In order to avoid this kind of failure in slabs, there are two options available to a structural engineer: (1) is to size the concrete element such that the punching shear stress is less than the concrete shear strength of the concrete element. (2) Design shear reinforcement to resist punching shear.

In this post, we are more concerned about the second option i.e. the provision of shear reinforcement to resist punching shear, particularly in flat slabs.

The Eurocode requires that the punching shear verification is carried out at the column face and at the basic control perimeter 2d from the face of the column.

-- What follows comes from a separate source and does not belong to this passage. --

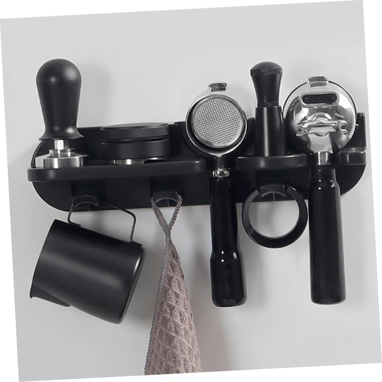 Package List 1 x storage rack 1 x adhesive backing 2 x coffee machine storage rack Features -Material:Abs -Size:32.00X10.00X8.00cm/12.58X3.93X3.14in -Color:Black -Featuring a dedicated space for handle, cloth, and tamper, this rack you have all the tools needed for superior coffee preparationGoods InformationCrafted from ABS with sleek black finish, this coffee machine accessories storage rack transforms your coffee station by neatly organizing essential tools like portafilters, tampers, and powder cloths. Its wall-mounted, self-adhesive design eliminates the need for drilling, protecting your walls from damage and making installation quick and renter-friendly. Sized to fit 51mm espresso machines, it secures your equipment closely, streamlining your workflow. From kitchens to office break rooms and coffee shops, this organizer helps maintain a tidy environment that elevates your coffee-making experience. By keeping your espresso accessories accessible and orderly, it supports a clutter-free counter and visually appealing setup. This storage solution enhances everyday coffee rituals, making preparation more efficient and enjoyable while complementing modern kitchen aesthetics From PRETYZOOM was founded to bring practical and stylish storage solutions to coffee lovers who appreciate organized spaces. Rooted in craftsmanship and innovation, our products like this coffee machine storage rack enhance daily routines by combining convenience with sleek design. Enjoy a more enjoyable coffee experience with PRETYZOOM, where every detail supports your passion for great coffee

Figures 2 & 3 shows the basic control perimeter for different types of columns in a flat slab arrangement.

Figure 2: Basic control perimeter of internal rectangular and circular columns.

Figure 3: Basic control perimeter of columns at an edge or corner of a slab

Procedure for Design

The procedure for carrying out punching design can be divided into four basic steps. This steps are explained below

Step 1: Punching Shear Verification at the Column Face

The first step towards designing for punching shear is to verify its effect at the column face. At the column face, the punching shear stress must be less than the maximum shear strength of the concrete element, else the section will have to be resized or the strength of the concrete element increased. Mathematically, this can be expressed as

\left( { v }_{ Ed }=\frac { \beta { V }_{ Ed } }{ { u }_{ o }{ d }_{ min } } \right) \le \left( { v }_{ Rd,max }=0.2\left( 1-\frac { { f }_{ ck } }{ 250 } \right) { f }_{ ck } \right)

Where:

v_Ed= applied punching shear stress
v_Rd,max = maximum concrete shear strength

f_ck = is the characteristic concrete strength.
V_Ed= applied punching force

β is a factor that deals with the eccentricity of the applied loads. Its value is defined in clause 6.4.3 of BS EN 1992-1-1. However, for structures where the lateral stability does not rely on the frame action between the slab and columns and in which adjacent spans do not differ in length by more than 25% figure 4 may be used.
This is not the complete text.